» WORK REQUEST: The reply must repeat the listing below exactly and carry none of its pictures.
>>>
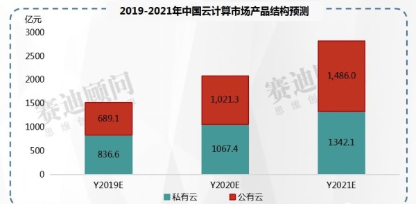 从细分市场结构来看,目前公有云市场占比低于私有云,但是增速较快,市场占比呈逐年上升趋势,预计到2021年,公有云市场规模将达到1486.0亿元。
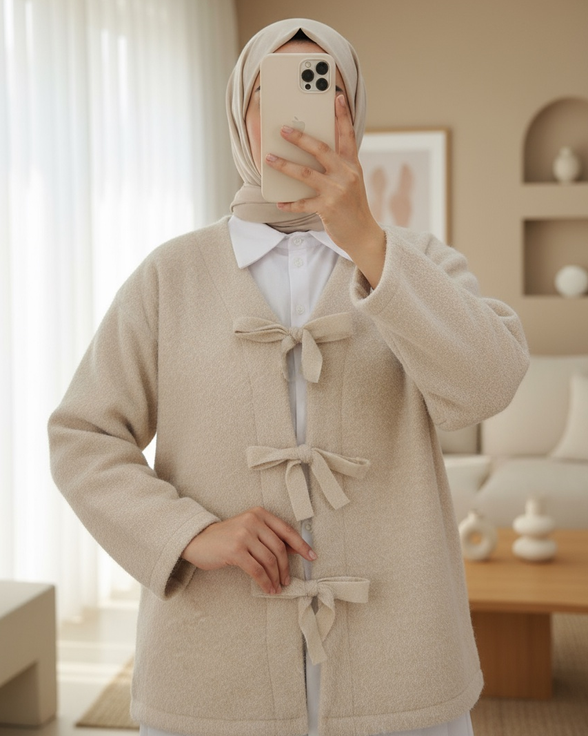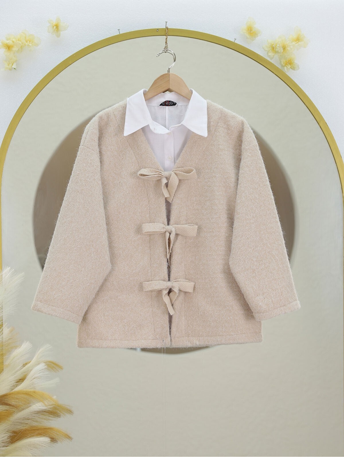 Önü Bağlamalı Kırçıllı Kaşe Ceket -Bej-Bej
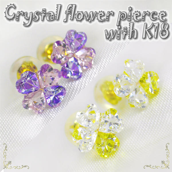 キュービックジルコニア ピアス K18 YG 両耳用 クローバー イエローゴールド フラワー クリスタル カラー シャムロック コンビ 四つ葉 送料無料 fourm クリスマス 母の日 レディース メンズ 男性 女性 ラッピング 包装 袋 誕生日 プレゼント ケース 箱 華奢 大きいサ
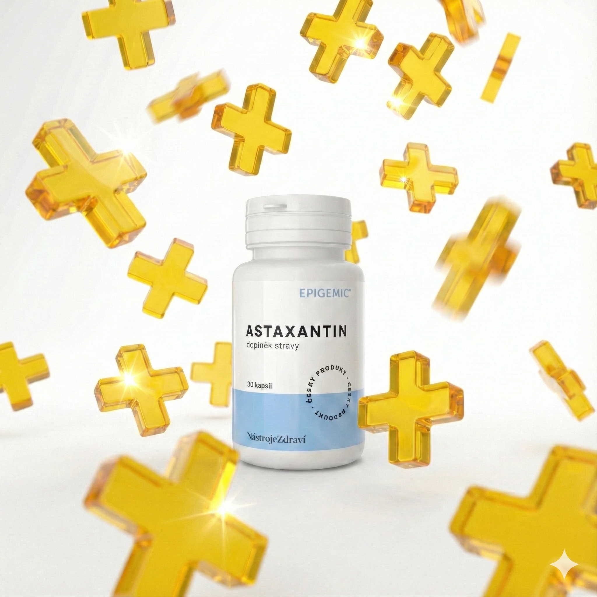 Astaxantin Epigemic® je vyroben z extraktu řasy Haematococcus pluvialis, která obsahuje beta-karoten, lutein, vitamin E a vysoký podíl astaxantinu. Ten je známý jako vzácné barvivo ze skupiny karotenoidů. Protože jsou karotenoidy rozpustné v tucích, je obsah kapsle doplněn o extra panenský olivový olej pro zajištění biologické dostupnosti.
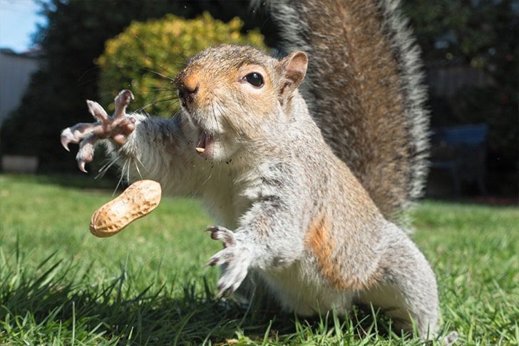 Some moments feel rehearsed, even when nature is improvising. This squirrel looks like it just unlocked a new skill, paws stretched out, eyes locked, and mouth ready for backup. The peanut floats in the air, as if it paused out of respect. There’s confidence here, the kind that says this isn’t the first flying snack handled today.
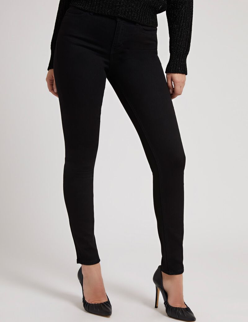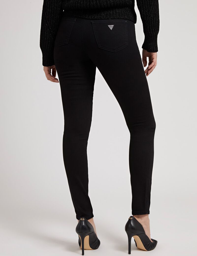 - This item contains recycled cotton fibers. Cotton blend Denim Pant. Skinny fit. High waist, Skinny leg and bottom. Classic 5-pockets. Front Zip and button fastening. TREATMENTS: Black wash. FABRIC DETAILS: Super stretch. FABRIC TYPE: Denim. Back logo. Picture shows size 27. Drop 1: inseam length 31 Inch. / 78,7 cm
<<<
» RESPONSE BOX:
 从细分市场结构来看,目前公有云市场占比低于私有云,但是增速较快,市场占比呈逐年上升趋势,预计到2021年,公有云市场规模将达到1486.0亿元。
 Önü Bağlamalı Kırçıllı Kaşe Ceket -Bej-Bej
 キュービックジルコニア ピアス K18 YG 両耳用 クローバー イエローゴールド フラワー クリスタル カラー シャムロック コンビ 四つ葉 送料無料 fourm クリスマス 母の日 レディース メンズ 男性 女性 ラッピング 包装 袋 誕生日 プレゼント ケース 箱 華奢 大きいサ
 Astaxantin Epigemic® je vyroben z extraktu řasy Haematococcus pluvialis, která obsahuje beta-karoten, lutein, vitamin E a vysoký podíl astaxantinu. Ten je známý jako vzácné barvivo ze skupiny karotenoidů. Protože jsou karotenoidy rozpustné v tucích, je obsah kapsle doplněn o extra panenský olivový olej pro zajištění biologické dostupnosti.
 Some moments feel rehearsed, even when nature is improvising. This squirrel looks like it just unlocked a new skill, paws stretched out, eyes locked, and mouth ready for backup. The peanut floats in the air, as if it paused out of respect. There’s confidence here, the kind that says this isn’t the first flying snack handled today.
 - This item contains recycled cotton fibers. Cotton blend Denim Pant. Skinny fit. High waist, Skinny leg and bottom. Classic 5-pockets. Front Zip and button fastening. TREATMENTS: Black wash. FABRIC DETAILS: Super stretch. FABRIC TYPE: Denim. Back logo. Picture shows size 27. Drop 1: inseam length 31 Inch. / 78,7 cm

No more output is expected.